L’armée algérienne souhaite, dans un contexte mouvant, mener une guerre éclair, mettre en place une transition courte et favoriser pour la prochaine présidentielle un candidat d’expérience et de confiance. L’exercice est rendu difficile par la désertification du paysage politique algérien ces vingt dernières années.
Dans l’espace public tel qu’il fut régenté par l’ancien président, Abdelaziz Bouteflika, aucun profil d’homme (ou de femme) d’état n’a pu véritablement émerger. Seuls les médiocres étaient nommés et les courtisans promus.
L’ex DRS, voici l’ennemi
Le chef d’état major, Gaïd Salah, sans lequel aucune solution n’est viable en Algérie, cherche à éviter l’ouverture d’une brèche où pourraient s’engouffrer ses adversaires irréductibles. A savoir les réseaux de l’ex DRS du général Toufik, certes emprisonné, mais dont la capacité de nuisance reste considérable.
Maitre des horloges pendant un quart de siècle, l’ancien patron de la police politique algérienne a croisé le parcours de la plupart des « décideurs » algériens, aussi bien dans l’armée que dans le monde politique.
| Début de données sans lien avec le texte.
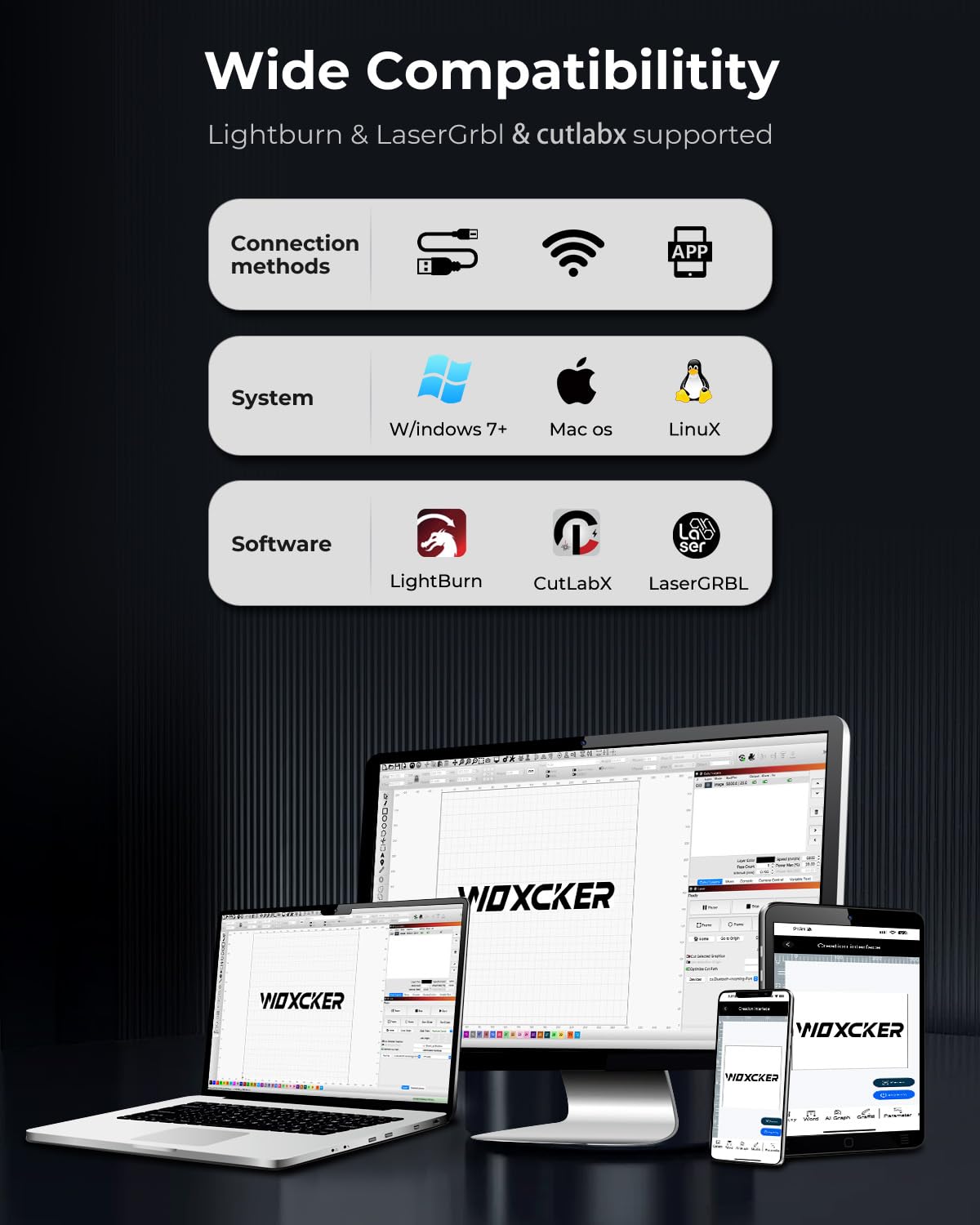 - Perfect Compatible System: The laser engraving machine boasts extensive compatibility with various software and connection options. It supports popular software like LightBurn, LaserGRBL, and Cutlabx, and offers multiple connection methods, including Wi-Fi, USB cable, APP, and offline via TF card. The machine is compatible with a wide range of file formats, such as JPEG, JPG, PNG, BMP, SVG, DXF, and AI. Users can take and load photos for engraving, use built-in graphics, and edit text directly within the software. Additionally, it is compatible with accessories like Air Assist and a Rotary Roller for enhanced functionality.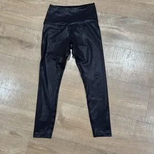 EUC Beyond Yoga Heather Rib Black Shine High Waisted Midi Legging Size XS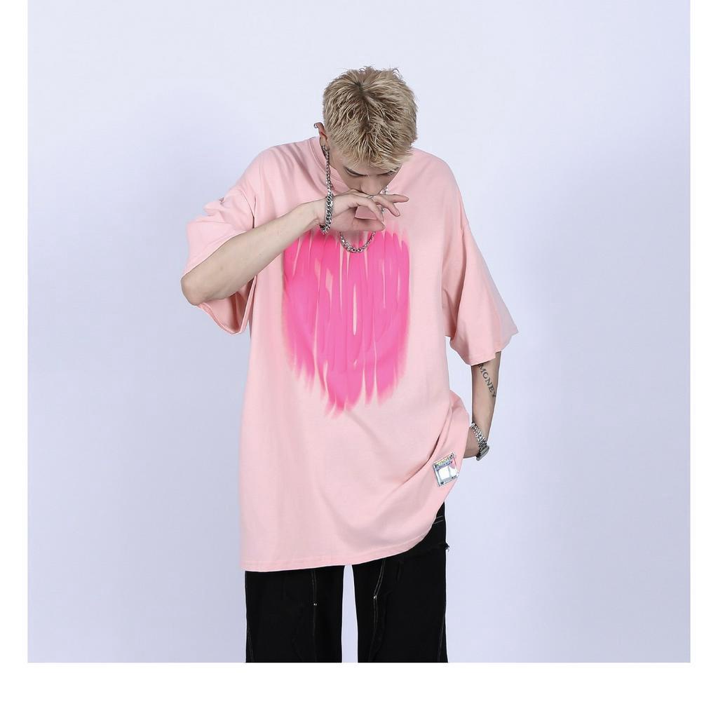 【K-2】立體發泡 幻影 愛心 桃紅色 愛心 超Q 短袖上衣 短T 穿搭 男女不拘 寬鬆 五分袖【KF0025】

Ce Talleyrant algérien a favorisé bien des carrières et bien des arrangements que la morale publique réprouve. Beaucoup de dirigeants algériens sont redevables au général Toufik, notamment au sein d’élites francophones et citadines qui restent la loupe déformante à travers laquelle la France officielle regarde l’Algérie.
Ali Benflis sur orbite
Pour Gaïd Salah et ses amis, le futur candidat aux élections présidentielles doit être déconnecté du système DRS, indemne des largesses du clan Bouteflika et suffisamment légitimiste par rapport à l’armée. Ce qui en fait un oiseau rare. D’autant plus que qu’au sommet d’une hiérarchie militaire structurellement collégiale, les sensibilités historiques et les fidélités régionalistes sont souvent antagonistes.
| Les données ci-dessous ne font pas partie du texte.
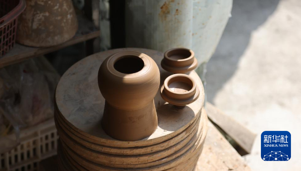 发间略有银白的钟成贵,头随着机器节奏轻轻晃动,拉制动作娴熟而又严谨,“拉胚非常重要,在这一阶段就要把陶泥塑型成圆润饱满状,后期烧制时才不会开裂受损。”钟成贵说。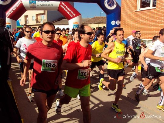 En la soleada mañana de hoy, con temperatura más que primaveral, puntualmente, a las 11:00 horas, en la Plaza de los Reyes Católicos de la localidad, sobre una inscripción inicial de 402 corredores, tomaron la salida los 382 atletas que finalmente recogieron su dorsal para recorrer los 10.530 m del circuito por caminos y senderos, “cuestecita” incluida, preparado con esmero por el Ayuntamiento de Aldeatejada y la Diputación Provincial de Salamanca, en colaboración con CGB Obra Social.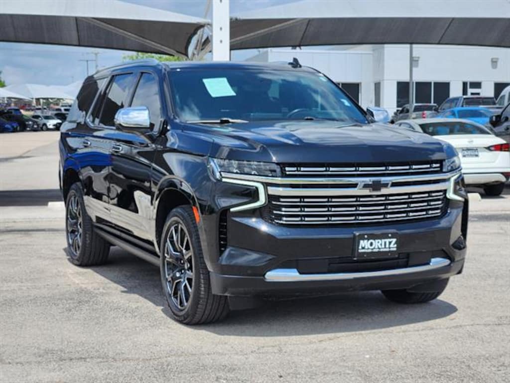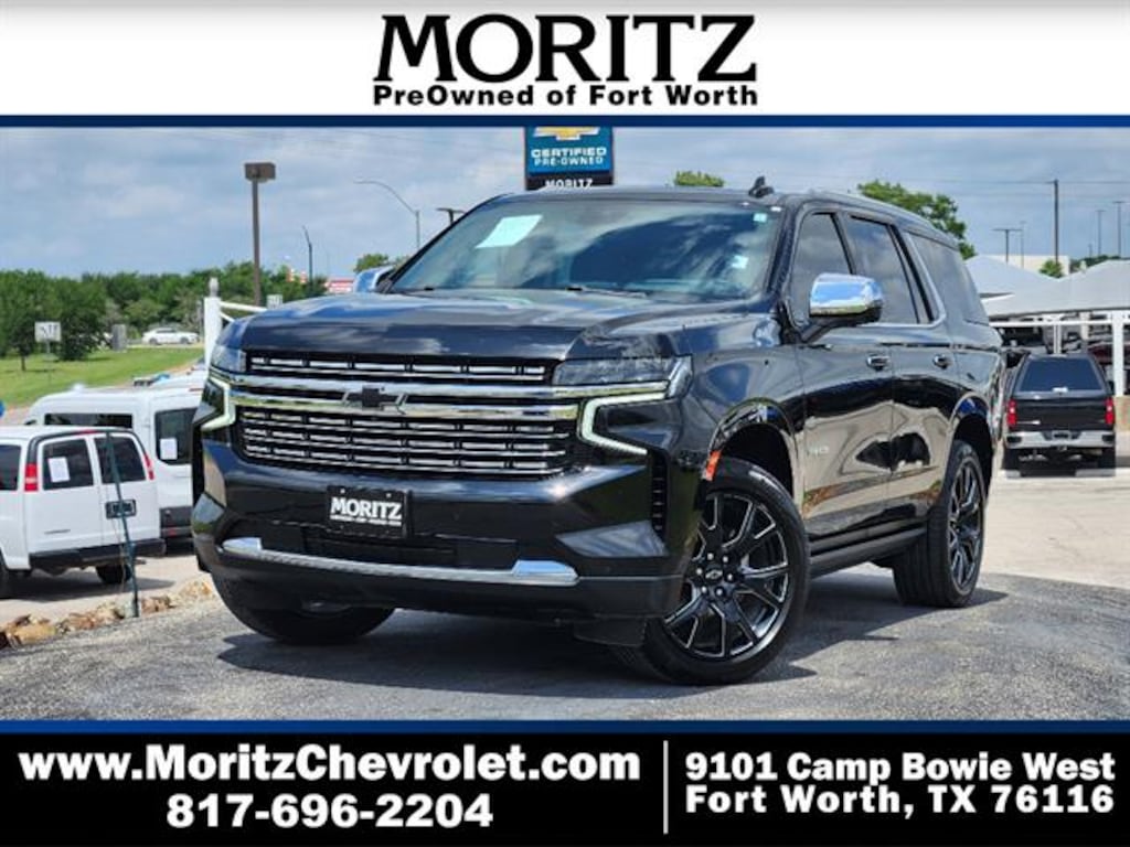 Certified. Black 2023 Chevrolet Tahoe Premier 4WD 10-Speed Automatic with Overdrive EcoTec3 5.3L V8 Bluetooth, Backup Camera, The Moritz Promise LIMITED LIFETIME POWERTRAIN PROTECTION PLAN See dealer for details, 4WD, Black Leather, 10 Speakers, 15" Diagonal Multi-Color Head-Up Display, 1st & 2nd Row Color-Keyed Carpeted Floor Mats, 2-Speed Active Electronic AutoTrac Transfer Case, 3rd Row 60/40 Power-Folding Split-Bench Seat, Adaptive suspension, Apple CarPlay/Android Auto, Auto-Dimming Inside Rear-View Mirror, Auto-leveling suspension, Automatic temperature control, Bose 10-Speaker Centerpoint Surround Audio Sys Ft, Brake assist, Bright Front & Rear Door Sill Plates, Chrome Door Handles w/Body-Color Strip, Chrome Mirror Caps, Color-Keyed Carpeting Floor Covering, Driver & Front Outboard Passenger Airbags, Dual Exhaust System, Dual-Pane Power Panoramic Sunroof, Electronic Stability Control, Enhanced Display & Alert Package, Enhanced Driver Information Center, Floor Console, Front anti-roll bar, Front High-Back Reclining Bucket Seats, Fully automatic headlights, Garage door transmitter, Hands-Free Rear Power Programmable Liftgate, HD Surround Vision, Heated & Ventilated Driver & Front Passenger Seats, Heated 2nd Row Outboard Seats, Heated Driver & Front Passenger Seats, Heated Steering Wheel, Hill Descent Control, Illuminated entry, Infotainment Display, Inside Rearview Auto-Dimming Rear Camera Mirror, Lane Change Alert w/Side Blind Zone Alert, LED Daytime Running Lamps, Magnetic Ride Control Suspension, Memory Settings, Navigation System, Outside Heated Power-Adjustable Mirrors, Perforated Leather Seat Trim, Power Liftgate, Power Release 2nd Row Bucket Seats, Power Tilt & Telescopic Steering Column, Preferred Equipment Group 1LZ, Rear air conditioning, Rear Camera Mirror Washer, Rear Cross Traffic Alert, Rear Pedestrian Alert, Remote keyless entry, Remote Start, Safety Alert Seat, Security system, SiriusXM Radio w/360L, Speed-sensing steering, Spoiler, Steering wheel mounted audio controls, Telescoping steering wheel, Universal Home Remote, Wireless Charging, Wrapped Steering Wheel. Certification Program Details: 126-point inspection. Vehicle must be 10 model years old or newer, and the vehicle must have under 100,000 miles at the time of sale. Comes with 12 month/12,000 mile limited bumper to bumper warranty.

Après avoir hésité pendant quelques semaines entre plusieurs anciens Premiers ministres, dont notamment Hamrouche, Benbitour et Benflis, il semble que les militaires au pouvoir se soient mis d’accord sur la candidature de ce dernier. Deux fois candidat aux élections présidentielles de 2004 et 2014, Ali Benflis a le profil d’un homme d’expérience. Très médiatisé à Paris et en bons termes avec les Américains, cet homme du sérail n’a pas cessé d’appeler au compromis avec l’armée.
Du neuf avec de l’ancien
Le principal obstacle pour Ali Benflis, très proche de l’ancien DRS lors de ses deux campagnes électorales, sera de recevoir l’onction populaire. Ce qui n’est pas joué lorsqu’on sait à quel point le « dégagisme » fait recette chez ces millions de manifestants qui arpentent les rues algériennes chaque vendredi au nom d’une démocratie sans concessions.
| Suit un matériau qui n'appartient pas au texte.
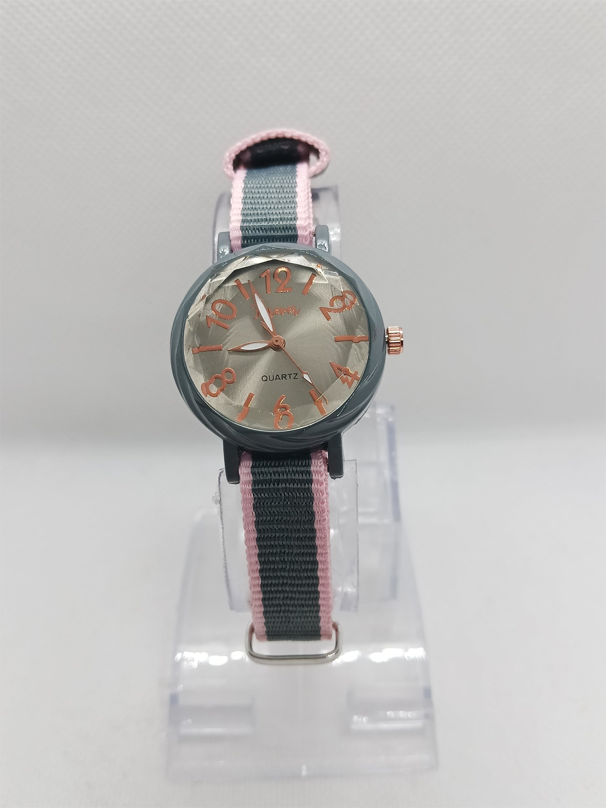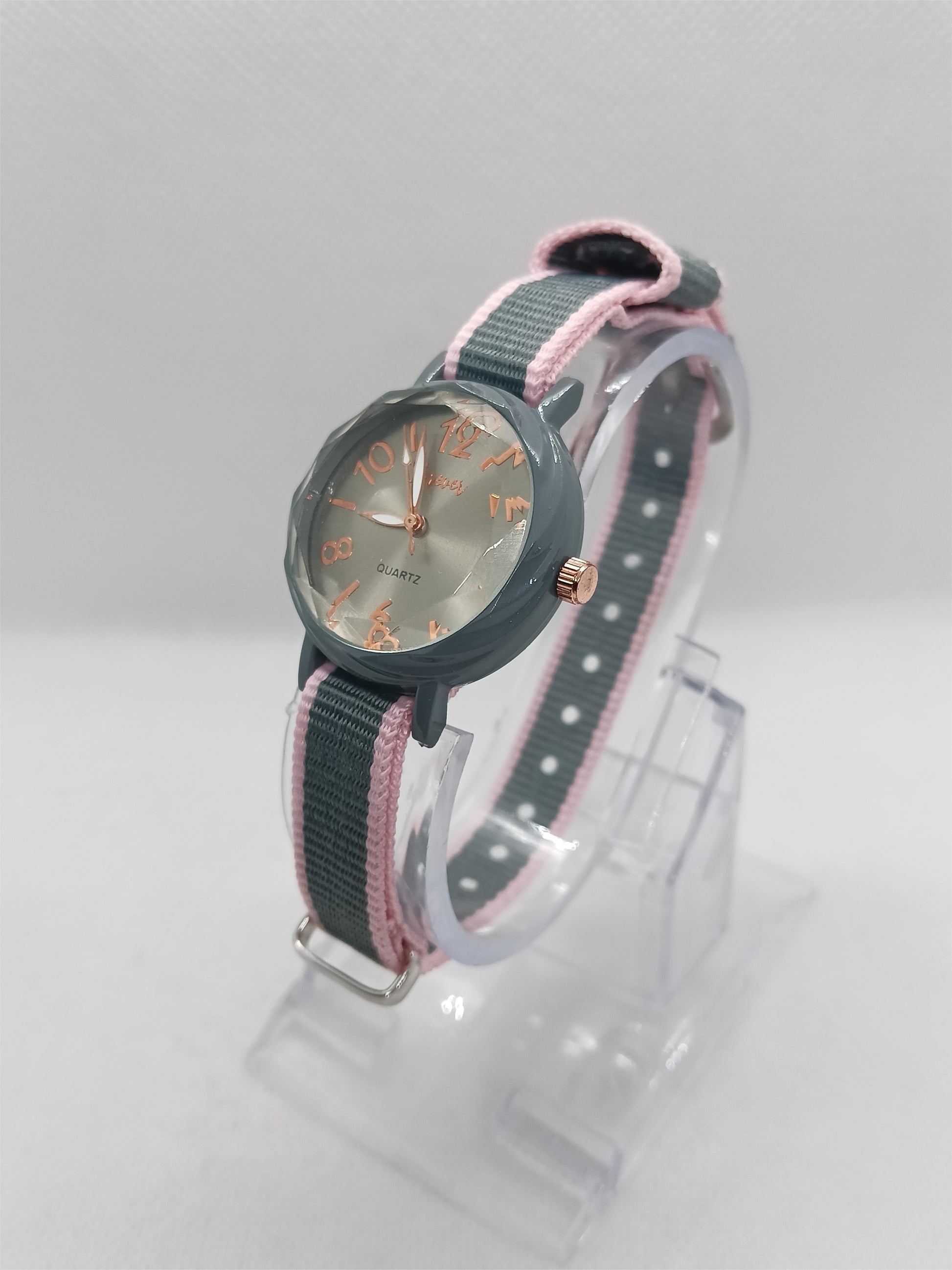 This watch offers a beautiful mix of soft colors and modern elegance. The grey dial with rose-gold details and a fabric strap with pink edges gives it a unique, stylish personality. It’s perfect for women who like subtle yet eye-catching accessories.

Par ailleurs, une coalition constituée par les partis de l’opposition kabyle, type FFS ou RCD, s’oppose au scénario mis au point par l’armée. Ces mouvements historiques, ou du moins ce qu’il en reste après le règne Bouteflika, appellent à une « négociation » avec l’actuel pouvoir militaire. Ce dont Gaïd Salah ne veut à aucun prix, trop méfiant qu’il est des risques d’infiltration de la mouvance berbériste par les réseaux du général Toufik.
Le paradoxe algérien, le voici: ce vendredi 5 juillet, jour anniversaire de l’indépendance, les manifestations de rue pourraient être plus massives que jamais. Mais l’absence de vrai leadership né de ces mobilisations populaires continue à peser sur le processus démocratique algérien.